Tip:
Highlight text to annotate it
X
Ik ben Marius, ik ben 16 en ik kom uit Roemenië.
Ik ben hier sinds m'n vijftiende.
Sinds ik in Italië ben, heb ik 'n hanenkam. Veel mensen vinden het mooi.
Anderen zeggen dat ik een banaan draag en op een haantje lijk.
Dan heb ik het over Annamaria, m'n lerares.
Ze zit me elke dag uit te lachen en noemt me haantje.
Ik had nooit leren lezen of schrijven.
Als ik naar het station ging, kon ik niets lezen of schrijven.
Het duurde acht maanden voor ik kon lezen en schrijven.
Ik leerde het stukje bij beetje. Ik wist niet eens wat een bibliotheek was.
Toen ik hier voor het eerst kwam, schaamde ik me.
Dat valt met geen pen te beschrijven.
Als er iemand naar me keek, dacht ik bij mezelf: Wat is er mis met me?
Zijn m'n schoenen of kleren vies? Ben ik slecht gekleed?
Waarom kijken ze zo naar me?
Ik zei tegen een vrouw: Ik wil graag deze film zien.
Ze zei: Natuurlijk, ga je gang.
Ik was *** dat ze iets naars zou zeggen, maar ze was aardig.
Ze zei: Dat mag, geef me je bibliotheekpasje maar.
Dan kun je de afstandsbediening pakken en de film kijken.
Ik weet niet waarom ik al die uitzettingen moest meemaken.

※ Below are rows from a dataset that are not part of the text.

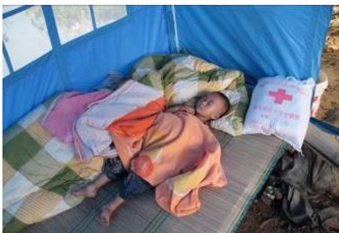
Villagers were forced to move from their homes as houses were destroyed or badly damaged by flooding or rains. Many seek shelter in tents, including the child pictured here sleeping when the Hubei Red Cross branch distributed a bag of rice to his family.

RCSC and local health authorities deployed health teams to provide basic medical care to the population. There is no major outbreak of diseases in the community visited by the assessment team. However,
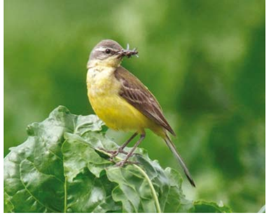
117 Gele Kwikstaart / Blue-headed Wagtail Motacilla flava , vrouwtje, Zeewolde, Flevoland, 21 juli 2011 (Roy Slaterus). Vrouwtje van gemengd broedpaar.

was: niet alleen ging het om het c 33e geval van Citroenkwikstaart (28 gevallen tot en met 2010) maar bovendien om het eerste broedgeval. In de daaropvolgende dagen werd vastgesteld dat de vogel gepaard was met een vrouwtje Gele Kwikstaart M flava en dat ze samen ten minste drie jongen grootbrachten. De plek was niet vrij toegankelijk en daarom werd besloten om het nieuws niet uitgebreid te verspreiden. In dit artikel worden de determinatie van de Citroenkwikstaart en het gemengde broedgeval besproken.
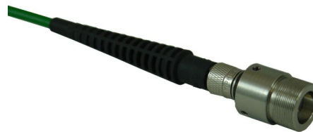
Fiber patch cord not included

The full field of view (FOV) or full divergence angle can be calculated as FOV = 2\arctan(D/2f) where D is the fiber core diameter and f is the focal length of the lens. Alternatively, the linear field of view on an object placed a distance L away from the collimator is D(L/f) .
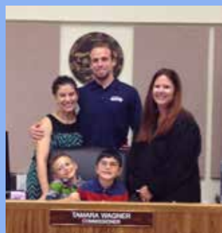
The Cooks finalized their adoption in Riverside County on August 22, 2014
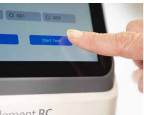
3 Start measurement
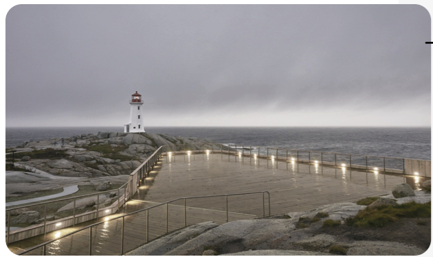
ROCKS Landscaping of the coast in order to use the space for recreational public purposes, which through urban recycling become tourist attractions
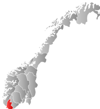
Vest-Agder within Norway

Vest-Agder is the southernmost county in Norway bordered by Rogaland on the west and Aust-Agder to the east. Most of the population is along the coast. Sirdal is part of the mountainous and sparsely settled region in the north.
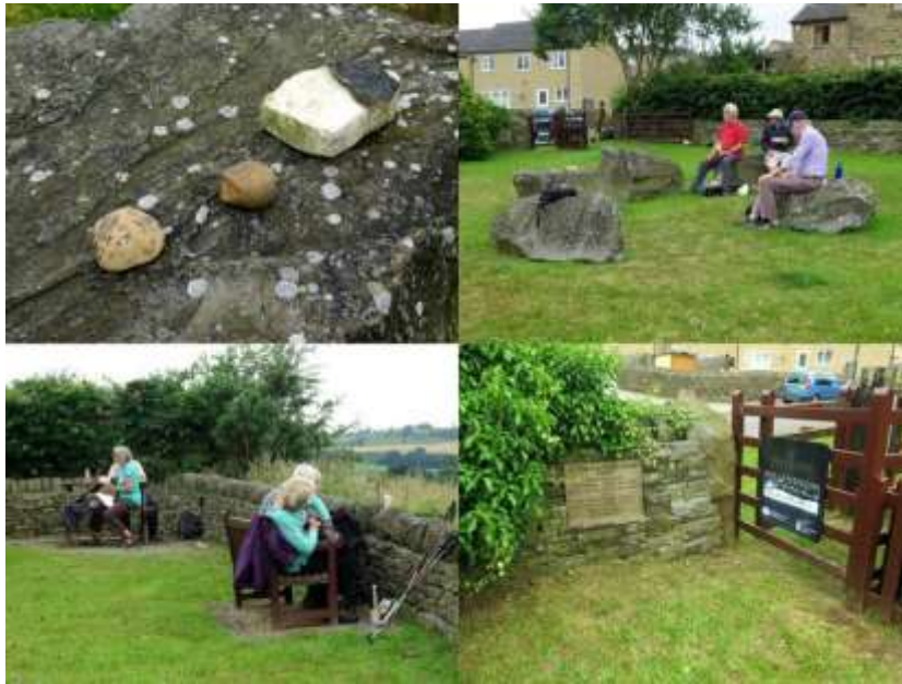
Finishing the walk around Green Moor at Ivy Millennium Green
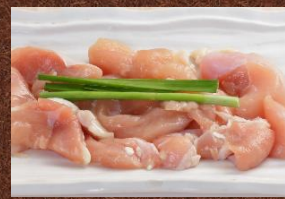
No.311 鶏肉 TORI NIKU 3$ Chicken សាច់មាន់
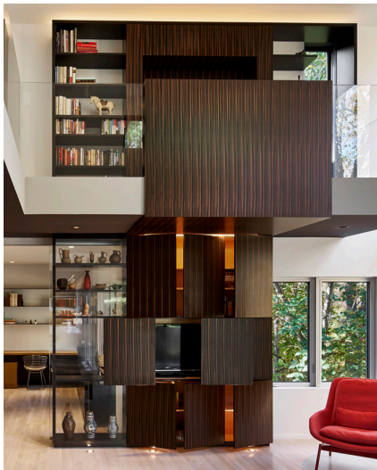
Media + Storage
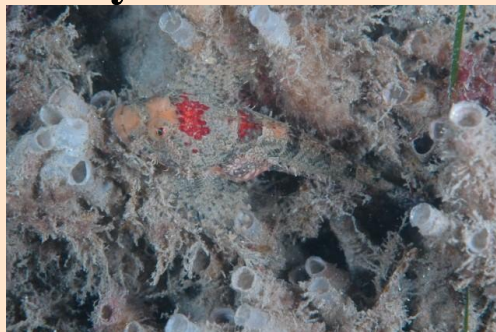
Sculpin camouflaged on rock
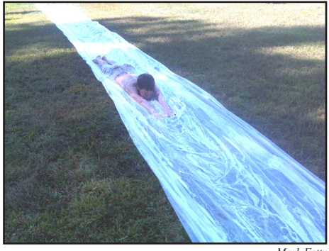
The Slip-n-Slide of Near Death was a hit.
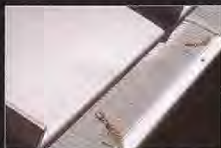
Standing Lock Metal
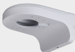
PFB204W Wall Mount
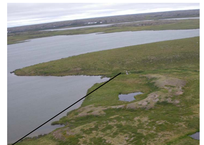
Only minor vegetation damage remains where the V-notch Weir was installed
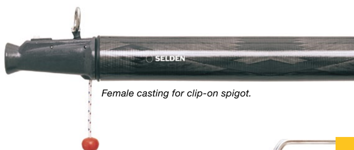
Female casting for clip-on spigot.
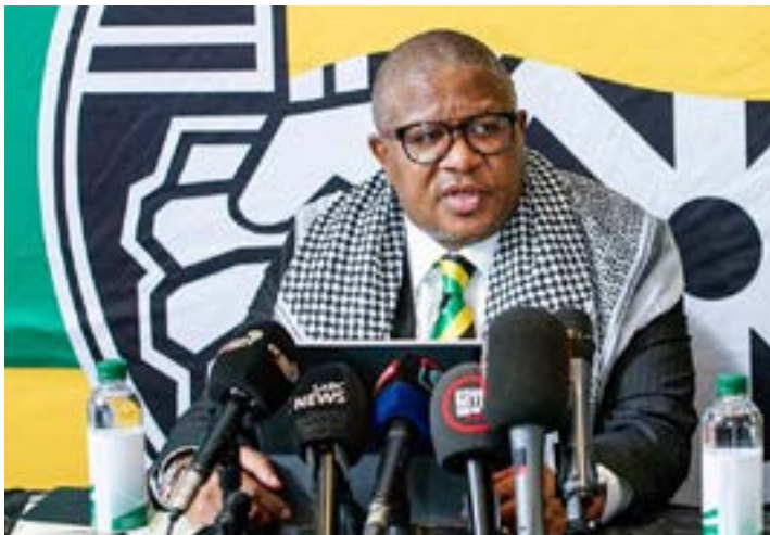
Media Briefing by the Secretary General Cde Fikile Mbalula giving an overview and highlights of issues to be discussed and intended outcomes of the NEC meeting.

Al die dingen. Ik weet het niet.
Na m'n eerste dag op school...
kwam ik terug in het kamp.
M'n oma was zo blij dat ze moest huilen.
Ik vroeg: Waarom huil je?
Omdat je als kind niet naar school kon, en nu wel, zei ze.
De volgende ochtend maakte de politie me wakker:
Hé, wakker worden.
Ik zei: Wie is daar? Politie. Jullie worden eruit gezet.
Iedereen pakte snel z'n spullen.
Je moest je kleren meenemen, want het was 's nachts erg koud.
In tien minuten was dat grote kamp vol politie, in alle barakken.
De bulldozers haalden alle barakken neer.
Belangrijke spullen die er nog lagen, mocht je niet halen. Ik ben alles kwijt.
Ik had alleen de schoenen die ik toen aan had.
Ik heb alles wat ik had achtergelaten. Alles.
Al m'n speelgoed. Ballen, kaarten, al die dingen.
Knuffels. Alles is daar blijven liggen.
Sinds ik een jaar terug naar Italië kwam, ben ik acht keer uit m'n huis gezet.
Elke keer als ik uit 'n kamp werd gezet, was ik erg verdrietig.
Ik beschouwde het niet als een kamp, maar als m'n huis.
Het was de plek waarvan ik hield, waar ik 's avonds naar terugkeerde...
naar de warmte van het huis, van de barak en die dingen.
Het is mijn droom om door te gaan, te werken...
en een heel brave jongen te zijn.
Ik wil graag dat m'n zusje naar school gaat...
zodat ze niet eindigt zoals ik.
Als ik deze leraren niet had ontmoet, zou ik niets weten.
De bibliotheek is m'n lievelingsplek omdat hier nooit iemand heeft gezegd:
Marius, je mag hier niet zijn, kom hier nooit meer terug.
Hier hebben ze me gezegd dat ik me niet moest schamen.
Dat ik niet onbeleefd, slecht gekleed of vies ben.
Zelfs toen ik uit huis gezet was en nergens naartoe kon...
kwam ik hier om films te kijken, te lezen en schrijven en weer te gaan.
Het is de beste plek die ik ooit gekend heb.
Marius leert dankzij vrijwilligers die hem dagelijks om de beurt les geven.
Hoewel hij acht huisuitzettingen heeft meegemaakt...
heeft hij in acht maanden Italiaans, lezen en schrijven geleerd.